→ WHAT THIS TASK INVOLVES
An exact reproduction of the records is required, with all pictures omitted.

(Collected data)

┌──

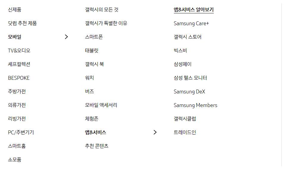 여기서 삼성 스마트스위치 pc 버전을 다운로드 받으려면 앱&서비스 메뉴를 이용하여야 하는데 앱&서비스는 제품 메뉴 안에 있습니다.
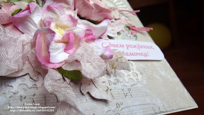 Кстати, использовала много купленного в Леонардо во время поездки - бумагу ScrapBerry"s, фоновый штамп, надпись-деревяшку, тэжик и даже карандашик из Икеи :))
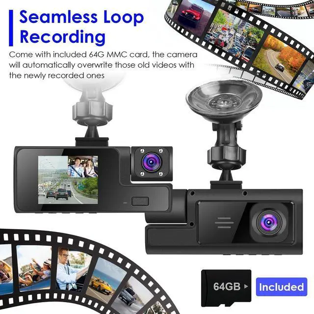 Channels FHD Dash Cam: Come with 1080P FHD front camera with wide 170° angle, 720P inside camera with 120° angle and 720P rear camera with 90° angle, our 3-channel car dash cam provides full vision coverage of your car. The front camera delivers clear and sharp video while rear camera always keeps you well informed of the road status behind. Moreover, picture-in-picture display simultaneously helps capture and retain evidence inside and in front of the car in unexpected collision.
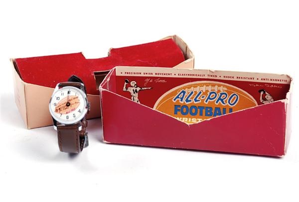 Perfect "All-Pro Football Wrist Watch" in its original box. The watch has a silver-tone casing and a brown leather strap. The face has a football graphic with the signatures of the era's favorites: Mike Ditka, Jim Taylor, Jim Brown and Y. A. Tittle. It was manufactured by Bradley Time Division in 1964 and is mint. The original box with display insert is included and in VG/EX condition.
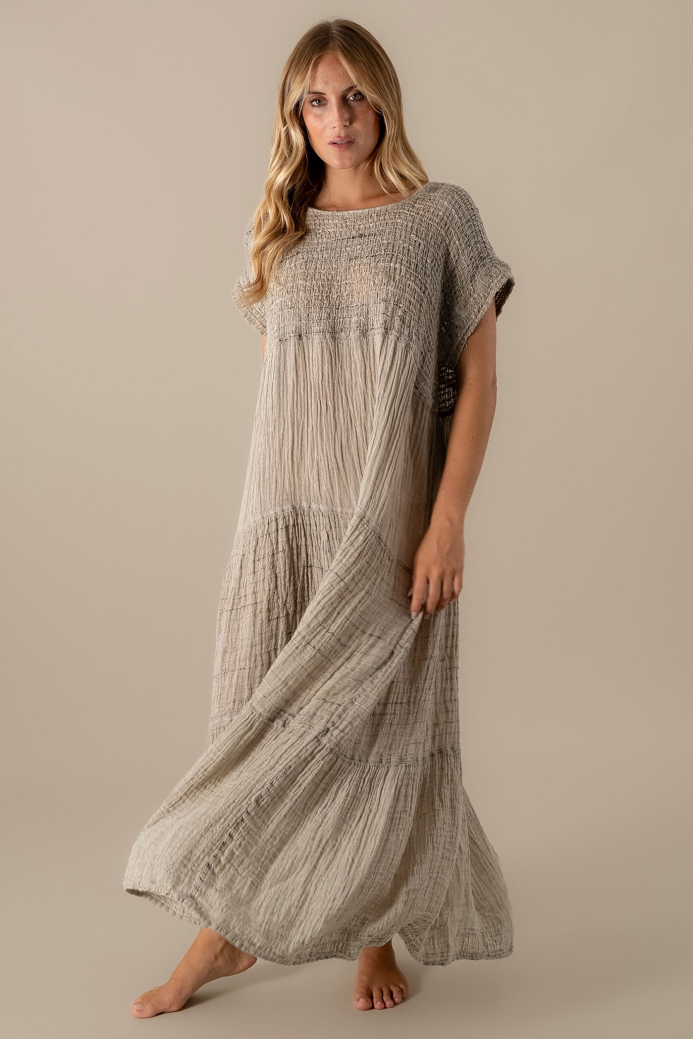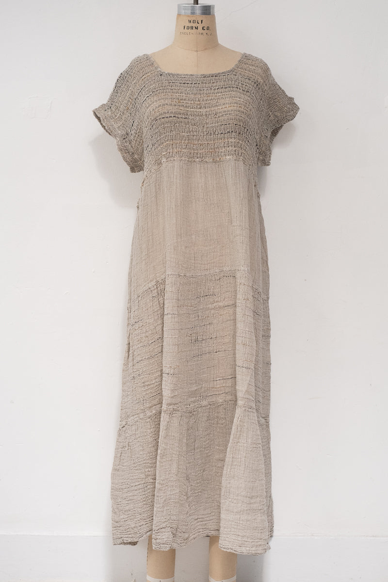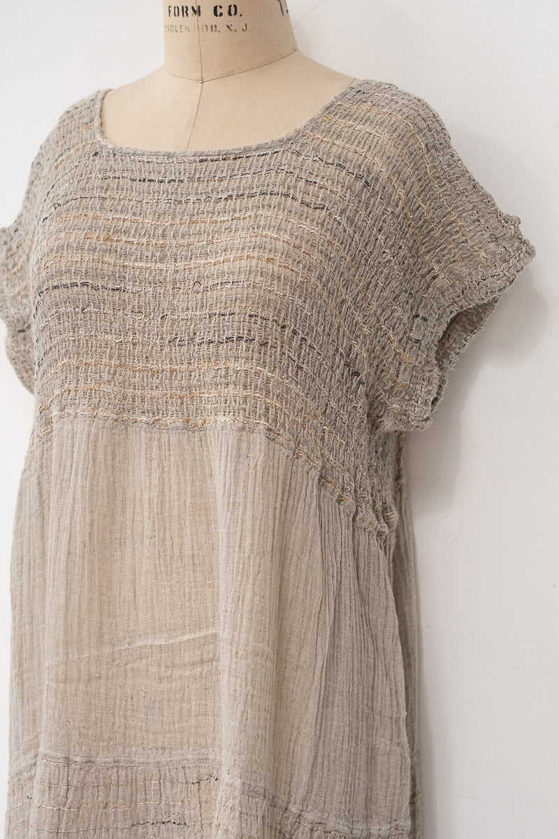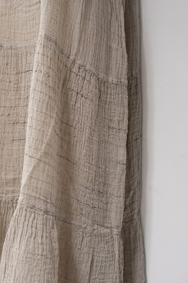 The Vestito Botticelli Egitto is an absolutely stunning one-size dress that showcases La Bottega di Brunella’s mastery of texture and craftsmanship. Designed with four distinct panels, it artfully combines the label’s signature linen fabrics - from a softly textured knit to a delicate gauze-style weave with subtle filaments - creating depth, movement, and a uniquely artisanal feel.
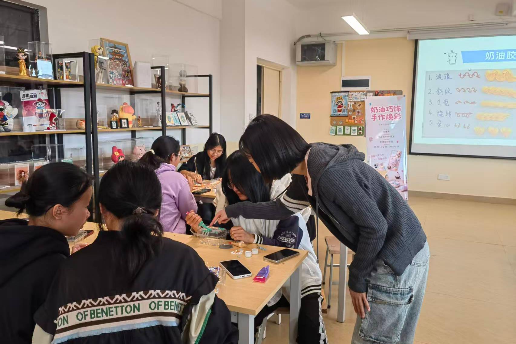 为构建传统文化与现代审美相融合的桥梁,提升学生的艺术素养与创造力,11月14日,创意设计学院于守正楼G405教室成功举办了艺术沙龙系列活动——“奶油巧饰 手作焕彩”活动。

└──

→ RESPONSE TO THE EXERCISE
 여기서 삼성 스마트스위치 pc 버전을 다운로드 받으려면 앱&서비스 메뉴를 이용하여야 하는데 앱&서비스는 제품 메뉴 안에 있습니다.
 Кстати, использовала много купленного в Леонардо во время поездки - бумагу ScrapBerry"s, фоновый штамп, надпись-деревяшку, тэжик и даже карандашик из Икеи :))
 Channels FHD Dash Cam: Come with 1080P FHD front camera with wide 170° angle, 720P inside camera with 120° angle and 720P rear camera with 90° angle, our 3-channel car dash cam provides full vision coverage of your car. The front camera delivers clear and sharp video while rear camera always keeps you well informed of the road status behind. Moreover, picture-in-picture display simultaneously helps capture and retain evidence inside and in front of the car in unexpected collision.
 Perfect "All-Pro Football Wrist Watch" in its original box. The watch has a silver-tone casing and a brown leather strap. The face has a football graphic with the signatures of the era's favorites: Mike Ditka, Jim Taylor, Jim Brown and Y. A. Tittle. It was manufactured by Bradley Time Division in 1964 and is mint. The original box with display insert is included and in VG/EX condition.
 The Vestito Botticelli Egitto is an absolutely stunning one-size dress that showcases La Bottega di Brunella’s mastery of texture and craftsmanship. Designed with four distinct panels, it artfully combines the label’s signature linen fabrics - from a softly textured knit to a delicate gauze-style weave with subtle filaments - creating depth, movement, and a uniquely artisanal feel.
 为构建传统文化与现代审美相融合的桥梁,提升学生的艺术素养与创造力,11月14日,创意设计学院于守正楼G405教室成功举办了艺术沙龙系列活动——“奶油巧饰 手作焕彩”活动。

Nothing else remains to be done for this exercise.